American author Garth Greenwell’s (born 1978) new novel, Cleanness, is told in the first-person voice of an American high school teacher in present-day Sofia, Bulgaria. The narrator of Cleanness never tells us his name. He is only ever known to us as “I” or “me.” Since I don’t know anything about Garth Greenwell, I strongly suspect he’s writing about himself and his own experiences in Bulgaria, since he seems to know the country—and the city of Sofia—so well.

Cleanness is more a collection of interrelated short stories than a plot-driven novel. Each chapter (story) is told in the same voice, the same point of view, but each story could stand alone. There is no plot to speak of, but that doesn’t mean it’s a dud as a novel. Each chapter is compelling in its own right; you don’t know where the whole thing is going until the end. At the end, we get a sense of completeness, of wholeness.

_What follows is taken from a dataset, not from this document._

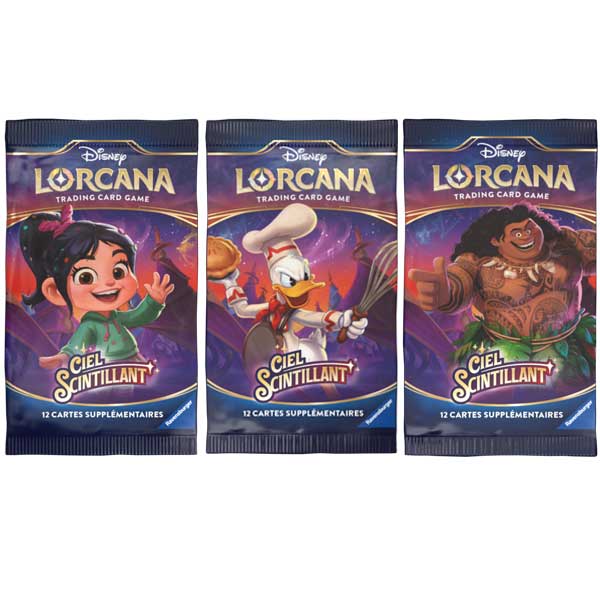 Les boosters contiennent douze cartes aléatoires de Lorcana et sont utilisés pour construire, personnaliser ou améliorer son deck avec des capacités et des personnages qui ne se trouvent pas dans les decks de démarrage.

The narrator of  Cleanness is gay but, since he lives in a former communist country that is not particularly welcoming to the gay way of life, he mostly is “closeted,” adhering, as a teacher of high school students, to a code of ethics. He never touches, or becomes too familiar with, any of his male students, no matter how much he might want to. In one chapter near the end of the book he and two of his male students go out drinking in clubs to celebrate his leaving; he is attracted to the older of the two boys, who is about eighteen (and the feeling seems to be reciprocated), but it never goes any farther than dancing together and flirting.

The narrator never mentions his age, but we assume he is in his thirties. He is not a particularly happy man. He alludes to, obliquely, an unhappy childhood that has left him scarred. We get the sense that he’s teaching school in Bulgaria to escape an unhappy life. He says he likes living abroad, so he is in a way a disaffected American. He has a “boyfriend,” known only as “R,” who is younger and from Portugal. He and R. are in love, the narrator says, but it’s a love that’s not going to work out, we see, because R. is young, unsettled, and doesn’t seem to know what he wants.

A couple of the chapters are intensely sexual. In one, the narrator (in trying to recover from a broken heart) has an encounter with an older man he has met on the Internet. The older man is frightening because he is a sadist who likes to inflict pain on his sexual partners. This episode ends up being repellent and distasteful. In another episode, the narrator meets a man who recognizes no limits when it comes to sex. He doesn’t care if his sexual partners are “old and ugly.” He doesn’t care if he gets sick; he only lives for the moment and wants only to be “used.” (This is a not a book I’d recommend to my ninety-year-old mother.)

Garth Greenwell’s previous novel, published in 2016, is What Belongs to You, which is also about an American man teaching high school in Sofia, Bulgaria. It also is told in the first-person point of view. The narrator, it seems, in both novels is the same. Cleanness if not exactly a continuation or a sequel to What Belongs to You, but the two books are enough alike to make a matched pair. For my money, the first book is the stronger of the two. It will be interesting to see what Garth Greenwell does for his next novel. Will he set it in Sofia, Bulgaria again, or some other highly unusual, foreign locale?